Inbetweeners’ James Buckley rakes in £80,000 recording personal videos for fans

James Buckley has earned around £80,000 recording personalised messages for fans.

The 33-year-old actor played the hilarious schoolboy Jay Cartwright in hit TV show The Inbetweeners, and viewers clearly can't get enough.

In particular, fans like him to film his memorable "bus w***er" line from the E4 series – which followed four students as they navigated teenage life.

Cameo allows fans to fill out a form with their requests for a minute-long clip from their chosen celebrity.

Big names like Snoop Dogg and Mike Tyson also flog their services on the greetings site Cameo.

But James, who charges £41.50, has received 1,868 five-star reviews – more than any other global celeb.

James wrote on Cameo: "Maybe you want me to propose to your significant other ‘Jay style’ or perhaps you just want me to call someone bus w***er?"

One reviewer, who paid for a message, wrote: "My girlfriend loved it. Thank you."

The news comes after James boasted earlier in the year that comedy show The Inbetweeners would be "nothing" without him.

  • The Inbetweeners 'axed' from YouTube as fans fear offensive scenes sparked complaints

During the coronavirus lockdown, he let rip at his co-stars Simon Bird (Will McKenzie), Joe Thomas (Simon Cooper) and Blake Harrison (Neil Sutherland).

In the live chat with his followers, he boasted: "I am the f***ing Inbetweeners.

"Take a second and try and imagine that TV show without me in it? You can’t, can you?

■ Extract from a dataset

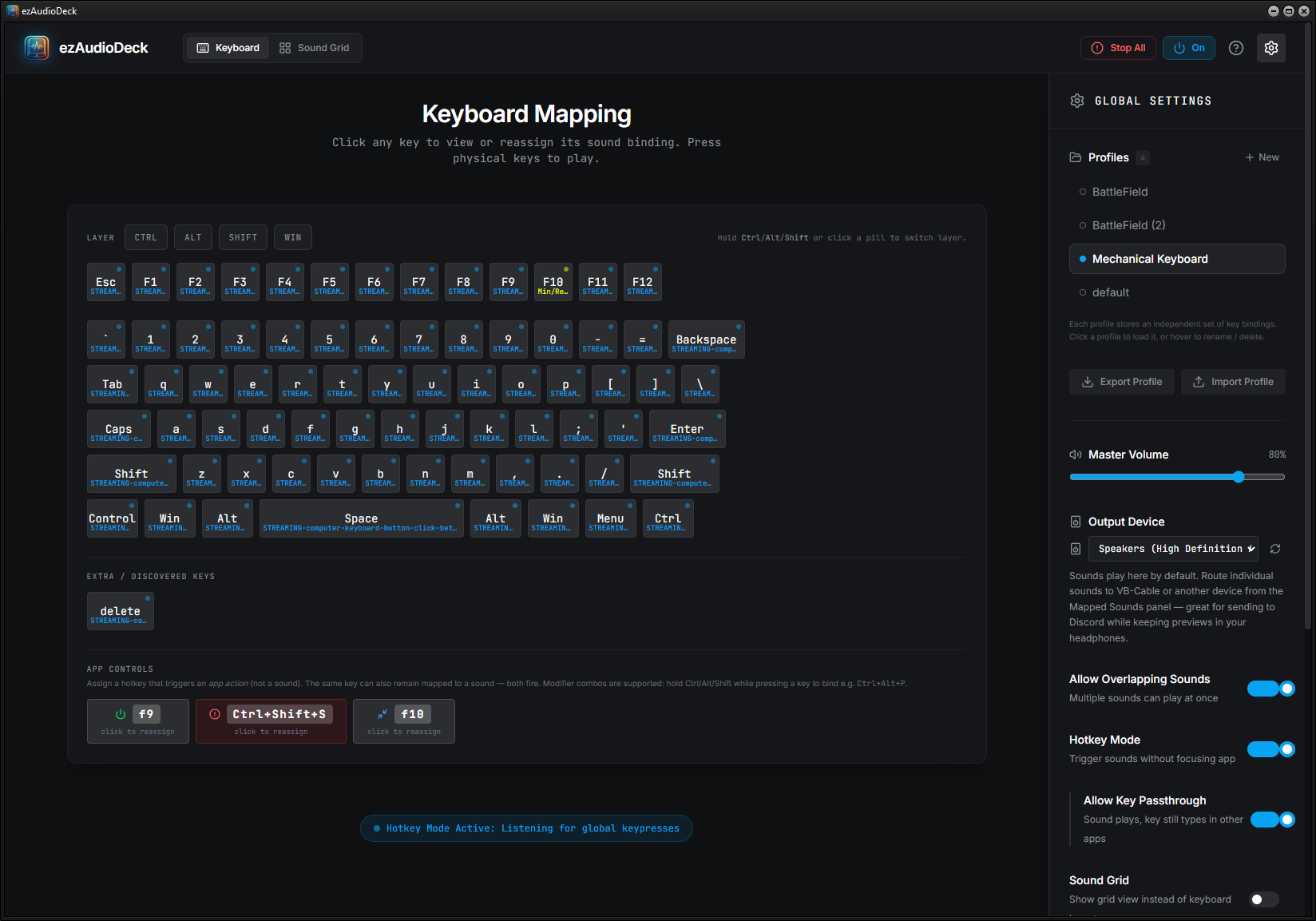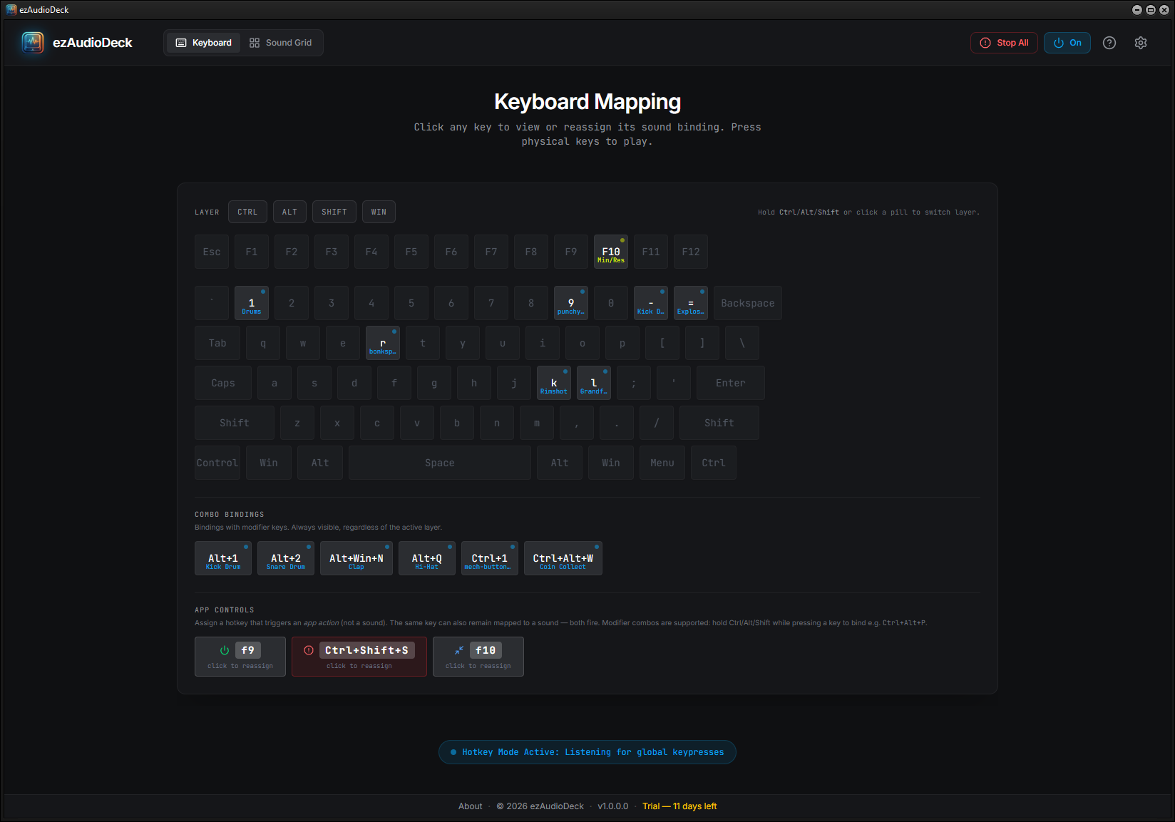 Map keyboard keys to sounds, stream effects, and more — works even when minimized.

"People call me Jay. It doesn’t really bother me, it isn’t a billion miles away from my actual name."

Adding more fuel to the fire, James revealed that he has never ever watched anything that his co-stars have been in since The Inbetweeners.

He said: "I don’t watch Friday Night Dinner, I didn’t watch Fresh Meat. Blake’s got a new show (Kate & Koji) out at the minute on ITV as well, which actually looks really good, it looks really fun.

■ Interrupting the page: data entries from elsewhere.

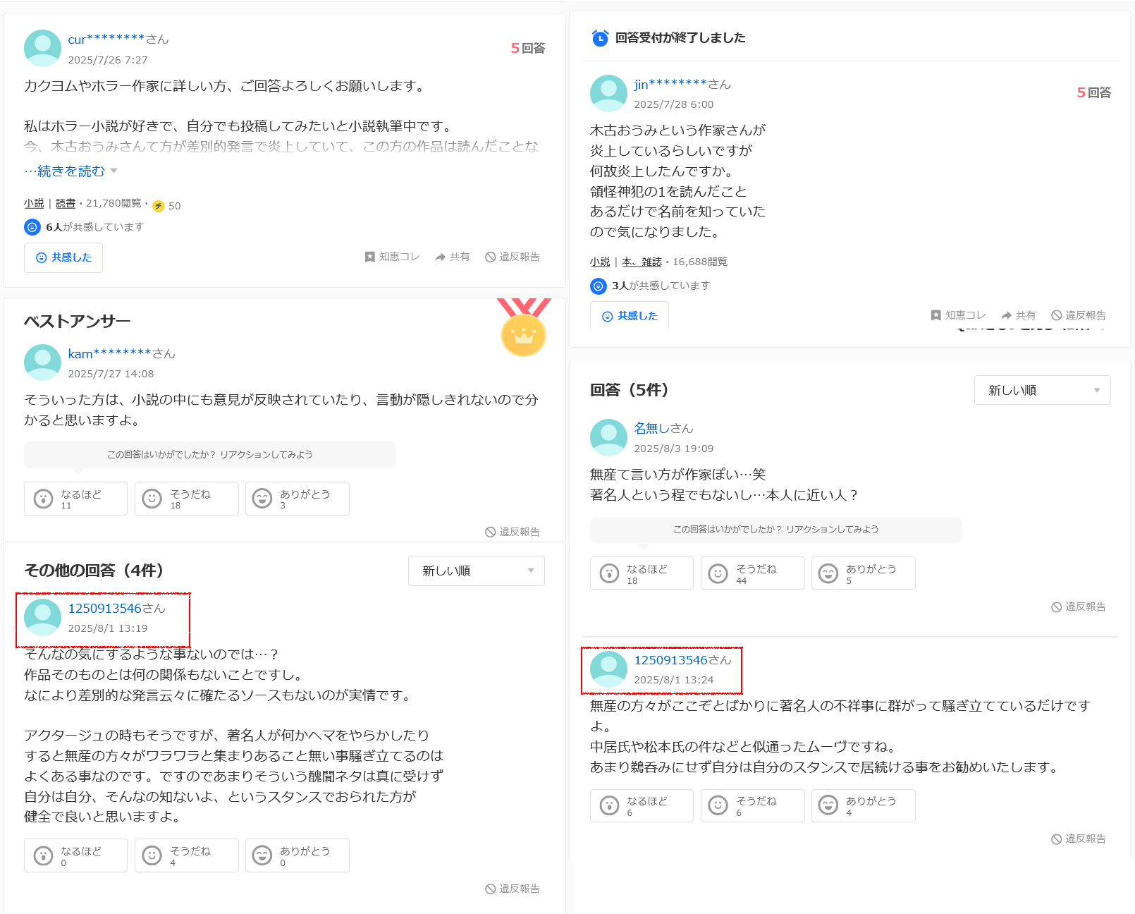木古おうみ先生スレ夕方上限1000レスに達しました
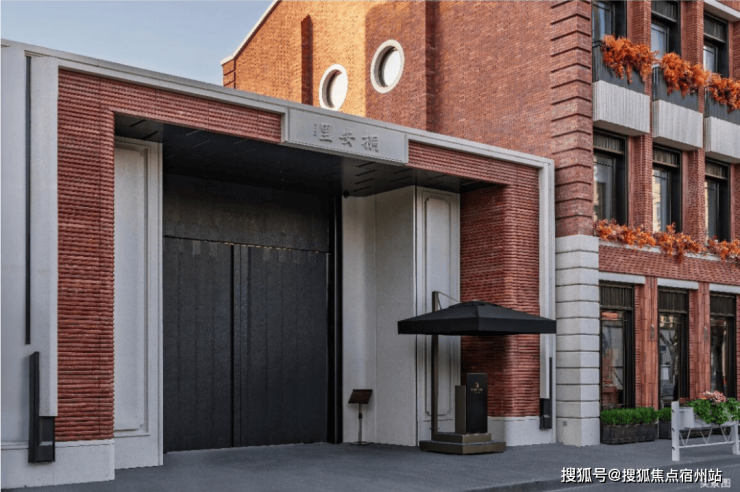 立面采用 传统手工青红砖,以垂花席纹拼贴;大门选用 风貌复古红洞石,辅以 手工捶打的铜饰;
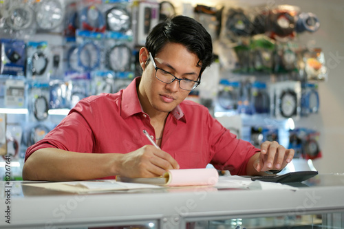 Chinese Man Working In Computer Shop Checking Bills And Taxes
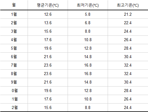 3월: 약 20도 (온화하고 상쾌한 기후로 편안한 여행 가능)
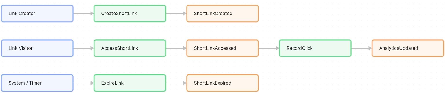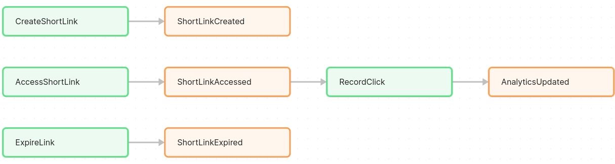 AccessShortLink – a command when a user (or browser) requests a redirect via a short URL. This would lead to a ShortLinkAccessed event (if the code exists).

"But I probably won’t watch it. love those guys and they’re my best friends pretty much.

"But if I sit there and watch Blake in a TV show, I’ll just be going, ‘Oh, there’s Blake’.

"It’s like Simon Bird in Friday Night Dinner or Joe in Fresh Meat or something. I wouldn’t be able to enjoy what I was watching, because I’d just be distracted because there’s some person that I know on the TV. I’m still not used to that," he added.